We go to our transmissibility curve and find that if the spring suspension natural frequency were about one-third of the disturbance frequency of 10 Hz, the transmissibility would only be about 0.2. Another way of saying this is that the transmissibility would be about 20% or conversely that the isolation efficiency would be about 80%. Knowing the mass of the machine, the desired frequency, and the total number of springs supporting the machine, we can calculate the spring rate of the spring to be purchased. Remember that the spring rate of springs in parallel adds together. When we select springs from a catalog, we find that what is available is considerably softer. After verifying from catalog data that the springs are rated to bear the load, we recalculate our suspension natural frequency and isolation efficiency finding it to be about 3 Hz and 98%.
For the machine sitting in a building, our problem is not only solved but also solved better than our minimum goal. If we take this same spring-mounted machine and install it on a skid to move it down the hall, we find that the machine bounces and sways. With every turn to the side, even a slow (as in steady-state) turn, the machine leans over dangerously on its soft springs. The overly soft 3 Hz suspension, while an added benefit to the original stationary application, would now be better replaced by our original 10 Hz design. Our suspension resonance point, or in other words filter point, is trapped between two competing limits on its upper and lower bounds. The robust design provides a sufficient margin between the competing limits to allow us to select a spring suspension that will work in all cases even when variations of tolerances and time are considered. Real equipment, particularly mobile equipment, may face upper and lower limits in more than one direction simultaneously. A good example of this is a vehicle engine.

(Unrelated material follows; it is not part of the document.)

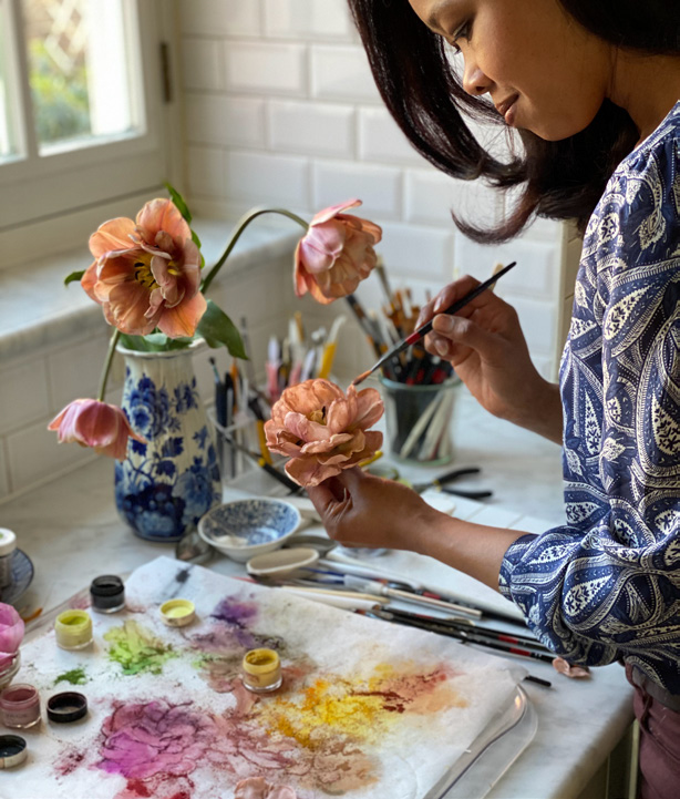 Відповідь проста і водночас дуже складна: трохи цукрової пудри, яєчний білок і загущувач створюють пасту, що є основою для безмежних можливостей ліплення. Щоб точно змоделювати цукрову квітку, потрібно вивчити її анатомічні частини. Так само як це колись робила натуралістка та наукова ілюстраторка Марія Сибілла Меріан у своїх новаторських малюнках метаморфоз комах у 1600-х роках. Цукрова паста дозволяє тонко, витончено та майже досконало передати кожну тичинку, пелюсточку та вигин стебла.

When the machine in our example was moved across the floor and hit a floor joint it bounced violently. This single event can be considered a shock input. There was a sudden change in velocity over a short period of time. The machine was accelerated once and then settled out. If we could measure the input from the floor joint, we may find that it had a high acceleration peak and lasted only a few milliseconds. To reach that velocity in such a short period of time required high acceleration. Looking at the skid, you may have never seen the effect of hitting the floor joint. The motion was so small and it went by so quickly. An accelerometer on the skid would have sensed high acceleration and therefore high forces. The soft spring-mounted machine moved several inches over a second or two. Following that, the machine continued to bob up and down in several diminishing cycles until coming to rest. The soft spring suspension took a short duration, high acceleration peak input, and converted it into a long duration, low peak acceleration output.

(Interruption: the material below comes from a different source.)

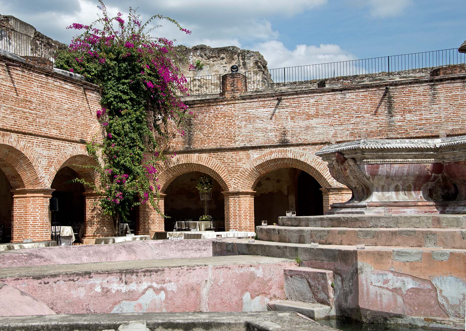 中庭にある中米一の噴水 ブーゲンビリアが咲く

Here we come to a design trade-off. The displacement necessary to meet the goal for shock attenuation may be more than the mechanical packaging will allow. The level of softness necessary to meet the shock or vibration attenuation goal may result in an unstable system. By unstable, we mean that the system will respond in undesirable modes. Usually, this entails large motions in other directions that cannot be controlled. The level of shock attenuation is only a function of allowable response time and travel. If one-inch of response travel is needed to reduce a certain input velocity to a certain response acceleration, then it will take this same one-inch of travel whether the subject is a 100,000-lb. generator or a 1-lb. circuit card.
DEVELOPING THE CONCEPT OF DAMPING
In our example of the machine mounted on springs, after receiving the floor-joint shock, the suspension required a few cycles to return to rest. This is the same condition found in the car on the road analogy. We had three skills of drivers who regained control of their cars at different rates. In the machine, on springs example we also have the ability to control the rate at which the system returns to rest. In our machine on springs system, we rely upon material properties to provide damping. The type of damping mechanism typical of mechanical resilient suspensions is a function that provides a force opposing motion proportional to the velocity of that motion.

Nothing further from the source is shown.